Commerzbank AG achieves 75% autonomous resolution rate with Ava AI agent handling 30,000+ monthly conversations

Curated & reviewed by Peter Korpak, Founder & Chief Analyst, 100SignalsHow we verify
30,000+Monthly Conversations Handled
75%Autonomous Resolution Rate
2x fasterDevelopment Speed Improvement

Vendor-reported figures — source: www.microsoft.com

Commerzbank AG
Metric Before After Impact
Monthly Conversations Handled 30,000+ 30,000+ conversations handled monthly with 24/7 availability
Autonomous Resolution Rate 75% 75% fully autonomous resolution
Development Speed 1x 2x 2x faster development velocity

The Challenge

As one of Germany's largest financial institutions, Commerzbank AG faced mounting pressure to close the gap between rising customer expectations for instant, personalized digital service and the constraints of fragmented legacy infrastructure. Customers demanded round-the-clock access to account services — from credit card management to complex business payments — while the bank simultaneously navigated stringent European financial regulations, evolving fraud threats, and the need for full auditability in every interaction. Existing systems could not deliver the responsiveness customers expected without compromising compliance or security, creating a structural ceiling on the quality of digital customer service the bank could sustainably provide.

The Solution

Commerzbank AG built Ava, a conversational AI agent powered by Microsoft Azure AI Foundry Agent Service and Azure OpenAI, implementing an agentic AI and autonomous workflows architecture designed specifically for regulated financial environments. Ava uses a distributed, multi-agent orchestration model running on Azure Kubernetes Service and Azure Container Apps, enabling elastic scaling across thousands of simultaneous interactions. Azure Cosmos DB maintains persistent memory and context synchronization across sessions, while Azure AI Content Safety with customized filters screens every interaction for sensitive data and fraud signals before reaching the model. Azure AI Search grounds all responses in trusted internal data sources. GitHub Copilot and Azure Foundry tooling were used throughout development, accelerating the build-and-release cycle with automated testing integrated directly into the DevOps pipeline.
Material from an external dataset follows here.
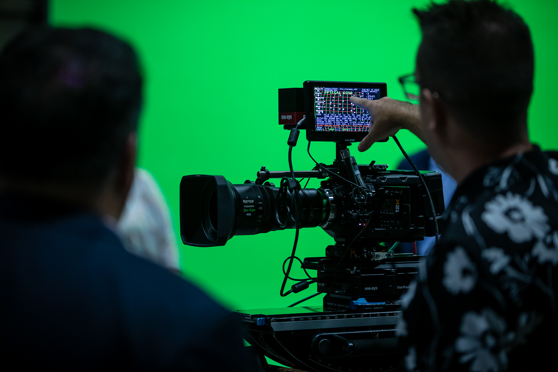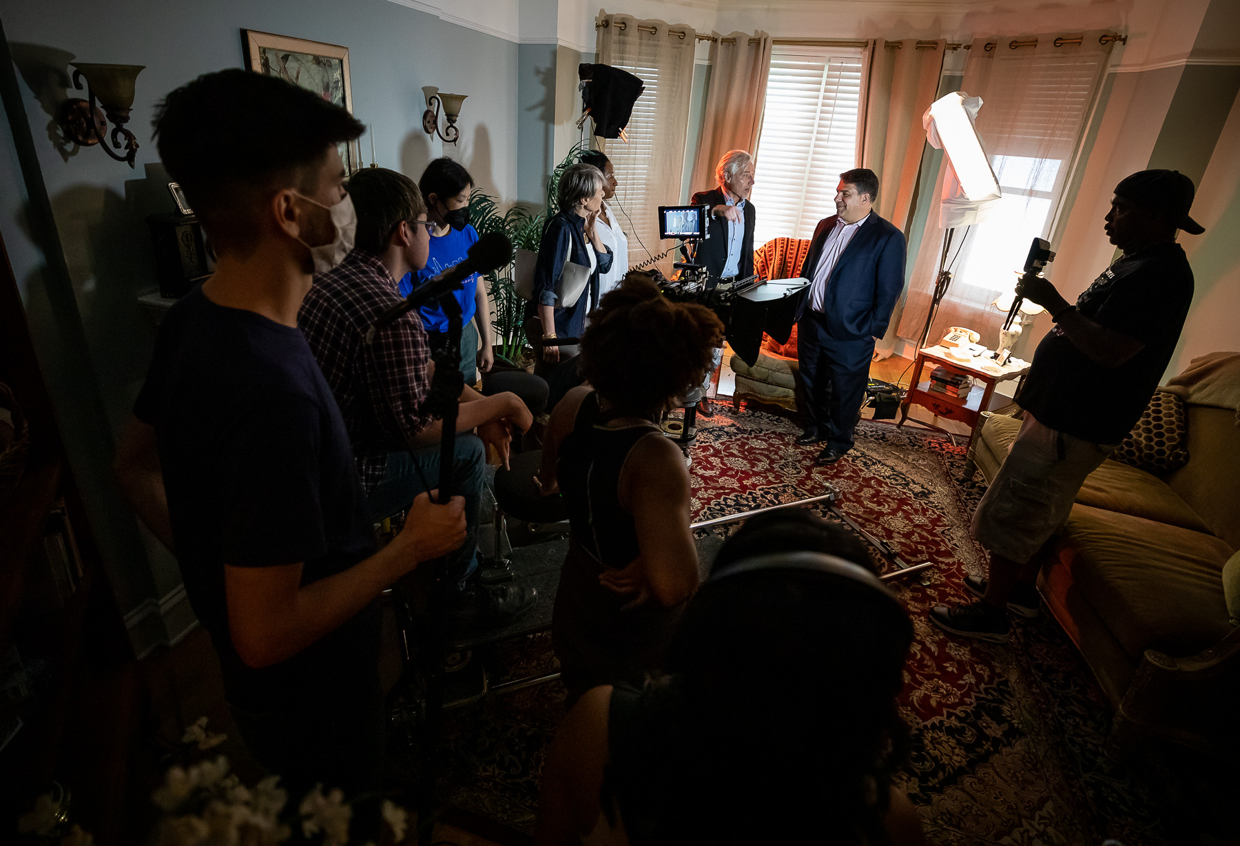 This month, Rob Manuel, president of DePaul, joined Provost Salma Ghanem and leaders from the Jarvis College of Computing and Digital Media on a visit to the university's facilities at Cinespace Studios. Opened in 2013, the 32,000-square-foot professional production facility is located within Chicago's booming center for feature film and television production. DePaul's School of Cinematic Arts students learn filmmaking crafts and techniques from highly accomplished faculty and staff on industry-standard equipment mere steps away from high-profile network productions filming on the studio's lot.

Ava progressed from prototype to production managing the full credit card lifecycle, balance inquiries, savings account requests, and business payments — with structured escalation paths to human agents for complex cases.

Results

Ava now handles more than 30,000 customer conversations per month, resolving approximately 75% of requests fully autonomously with 24/7 availability — eliminating the resolution bottleneck that previously required human agent intervention for the majority of routine inquiries. Development velocity doubled compared to prior approaches, attributed to AI-assisted coding, streamlined CI/CD pipelines, and automated testing. Qualitatively, the deployment freed human agents to focus on relationship-driven and high-complexity cases rather than routine service tasks. Key outcomes include:

  • 30,000+ monthly conversations handled end-to-end by Ava
  • 75% autonomous resolution rate across credit card, savings, and payment workflows
  • 2× development speed improvement via AI-assisted DevOps
  • Established a reusable, auditable AI framework being extended to lending, business banking, and internal operations

Key Takeaways

  • Compliance-first architecture pays dividends: Embedding Azure AI Content Safety and customized filters from day one — rather than retrofitting — allowed Commerzbank to meet regulatory requirements without slowing deployment or limiting capability.
  • Modular, multi-agent design enables incremental scaling: Specialized sub-agents handling distinct business domains (credit cards, savings, payments) let the team expand scope without rearchitecting the core system.
  • Persistent memory is table stakes for banking AI: Azure Cosmos DB context synchronization ensured conversation continuity across sessions — critical for customer trust in high-stakes financial interactions.
  • Persona and empathetic design drive adoption: Investing in Ava's tone and personality alongside technical capabilities was a deliberate strategic choice that directly influenced customer engagement rates.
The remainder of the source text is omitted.